If you know someone who is looking to get into gardening (or if you know someone who you want to get into gardening!), this is a nice starter kit. It comes with 9 pieces: trowel shovel, rake hoe, weeder, spade, cultivator, pruning shears, spray bottle, and gloves—all in a handy storage caddy. All tools are rust resistant.
Forged Dual Cut Bypass Pruner
Corona Tools is known for making sturdy, functional tools that serve gardeners well. This pruner has a second curve within the hook of the blade that allows you to easily cut branches up to 2 inches in diameter. It also has an internal spring, so it shouldn’t get bumped loose as you’re reaching inside a tangled shrub. This is a solid midrange model for the weekend warrior who prunes for short periods of time.
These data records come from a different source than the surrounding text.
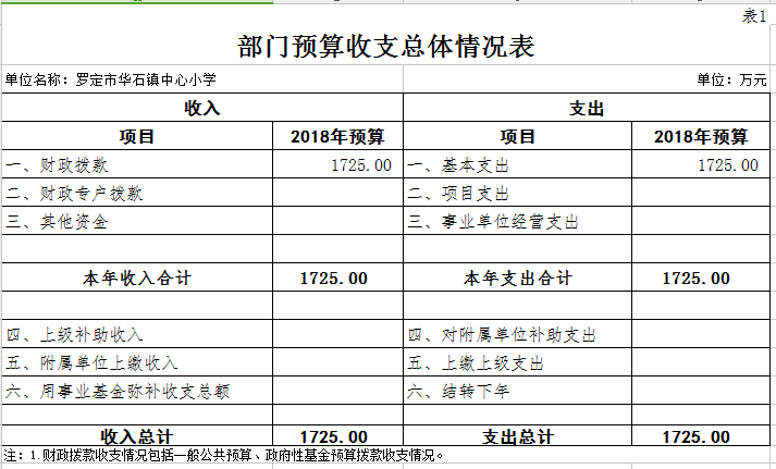 2018年罗定市华石镇中心小学部门预算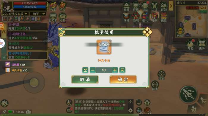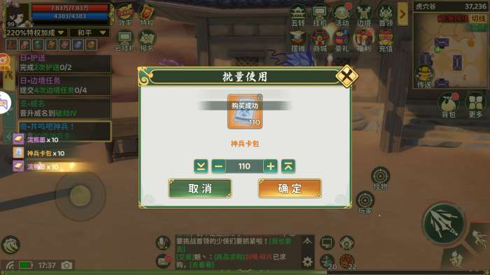 这样就快速完成了收集所有神兵卡的任务,比十包十包拆快多了。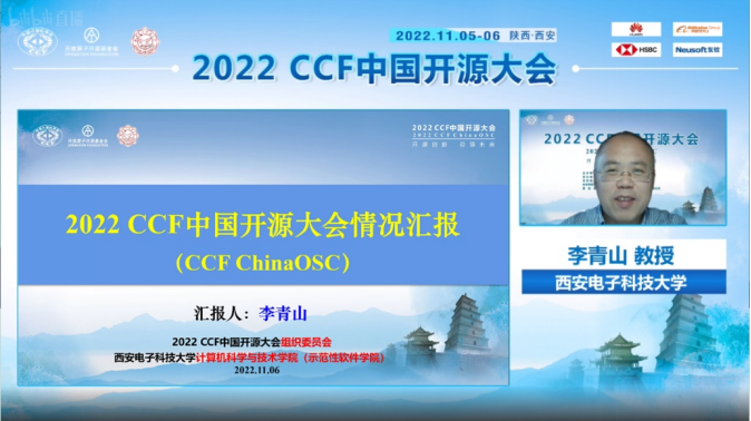 大会程序委员会与组织委员会联合主席、必威西汉姆联软件工程学科负责人、陕西省智能软件工程创新团队负责人、西安市智能软件工程重点实验室主任李青山代表大会组委会向与会代表汇报了大会情况。李青山主要从大会基本情况与大会筹办工作两个方面对大会进行了总结,归纳了会议体系与会议内容,指出本届大会的论坛数量、注册人数与合作媒体数量等均超过预期。其中论坛数量达到24个,注册人数达到180人,合作媒体数量超过10家。11月5日各平台累计观看人数超过18万人,11月6日累计观看人数超过16万人,两天会期累计观看人数超过34万人,单个论坛平均访问量超过1万人次,最大访问量超过2.1万人,有利的扩大了大会影响,有效的传播了开源理念。进一步,李青山梳理了大会筹办的脉络,表示开源发展委员会与承办团队一同组成了大会组委会,持续密切协同,先后确定了支持单位与四家赞助商,构建了完善的会议联办体系。组委会持续通过多家单位的多种渠道对大会进行宣传,会议通知等的阅读量累计超过3万人次。面对疫情等因素的影响,组委会全程关注、及时调整、稳步推进,全力保障会议质量。最后,李青山感谢各位专家学者与师生同行对本次大会的关注和参与,也感谢各参与单位对于大会的支持。

Okatsune No. 103 Pruners/Secateurs
With no gearing, cushioning, or added leverage from the handle, these no-frills pruners by Niwaki rely on a sharp edge and hard steel to achieve crisp cuts—even on fibrous materials like bamboo. The latch can be slid open or closed on your hip, and the Japanese-style spring doesn’t fall off. In a nod to ergonomics, the blade has a slight angle downward. For those who appreciate simplicity and strong steel, this minimalist model is a satisfying choice.
Perforated Mud Shovel
When working in wet ground, ordinary shovels can get stuck in the muck. That’s where this shovel by Bully Tools sets itself apart. The holes in the blade let it slide free with less sticking and its welded I-beam keeps the handle attachment from cracking under heavy, mucky loads.
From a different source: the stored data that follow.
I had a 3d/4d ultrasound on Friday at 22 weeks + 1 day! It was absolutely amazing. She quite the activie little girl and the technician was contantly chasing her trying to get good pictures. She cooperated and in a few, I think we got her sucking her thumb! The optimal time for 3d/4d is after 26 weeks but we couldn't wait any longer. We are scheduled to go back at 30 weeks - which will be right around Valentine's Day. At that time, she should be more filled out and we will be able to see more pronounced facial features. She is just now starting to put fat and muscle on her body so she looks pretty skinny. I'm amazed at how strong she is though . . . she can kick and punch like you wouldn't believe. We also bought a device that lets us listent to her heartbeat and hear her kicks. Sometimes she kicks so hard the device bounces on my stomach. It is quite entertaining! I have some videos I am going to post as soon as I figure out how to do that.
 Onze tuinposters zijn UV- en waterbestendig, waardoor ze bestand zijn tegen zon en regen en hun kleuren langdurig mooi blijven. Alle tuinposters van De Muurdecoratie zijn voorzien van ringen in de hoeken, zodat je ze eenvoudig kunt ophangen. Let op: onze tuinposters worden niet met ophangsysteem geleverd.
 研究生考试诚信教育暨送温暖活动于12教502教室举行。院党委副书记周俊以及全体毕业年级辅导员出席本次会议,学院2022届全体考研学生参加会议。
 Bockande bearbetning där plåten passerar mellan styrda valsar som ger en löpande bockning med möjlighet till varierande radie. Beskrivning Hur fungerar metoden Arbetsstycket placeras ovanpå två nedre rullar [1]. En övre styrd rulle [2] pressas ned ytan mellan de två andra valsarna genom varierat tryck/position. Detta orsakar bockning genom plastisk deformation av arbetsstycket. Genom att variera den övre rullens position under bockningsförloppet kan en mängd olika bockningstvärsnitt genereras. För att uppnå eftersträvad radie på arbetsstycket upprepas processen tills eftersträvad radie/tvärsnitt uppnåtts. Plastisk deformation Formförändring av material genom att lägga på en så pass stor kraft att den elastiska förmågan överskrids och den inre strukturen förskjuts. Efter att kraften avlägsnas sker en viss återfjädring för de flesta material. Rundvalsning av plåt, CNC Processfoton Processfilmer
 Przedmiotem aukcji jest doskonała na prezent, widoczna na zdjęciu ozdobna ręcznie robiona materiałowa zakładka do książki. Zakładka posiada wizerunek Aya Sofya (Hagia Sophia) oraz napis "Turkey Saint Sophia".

Go-To Tool for Loosening Soil
Peter Jacobsen grows food for The French Laundry, a Michelin 3-star restaurant. The Meadow Creature Broadfork is his go-to tool for loosening soil without destroying its structure. “It works better than a hand rototiller and you get a nice workout,” he says. Under the bar are four 14-inch-long spikes; after driving the spikes into the soil, you use the handles to pull back on the tool, loosening the earth.
The HERShovel was built to make the most of a woman’s stature and strength, but the company has also received positive feedback from men who have used the shovel. Its steel blade with extra-large step and its two-handed grip reduce shoulder and back strain while digging.
Leonard Deluxe Stainless Steel Soil Knife
The tiny, jagged serrations of this American–made soil knife by A.M. Leonard are great not only for weeding but also for finer applications like scoring the roots on annual flowers and opening bags of potting soil. The twine-cutting notch and 6-inch ruler stamped onto the blade are helpful additions. However, though the curved shape of the handle is the epitome of comfort, it also shortens the area where you grasp the knife, making it most suitable for gardeners will smaller hands.
Serrated Farmer Dagger
With its thick, highly sharpened teeth and nearly unbreakable boron steel blade, this knife by Dewit could be as useful in a dark alley as it is in the garden. It’s incredibly sturdy; a hammer can be used on the flat top of the handle to drive the tip of the knife through hardpan or rocky soil. It can be used right- or left-handed. For gardeners working in hard soil, it’s indispensable.
Compact Extendable Pruning Saw
The long pole and heavy head of many pole pruners makes for an awkward balancing act. This pruning saw by Fiskars solves that problem with a pole that collapses to 3 feet. The oval pole extends to 8 feet and is made of steel for added strength and stiffness compared with lighter aluminum tools.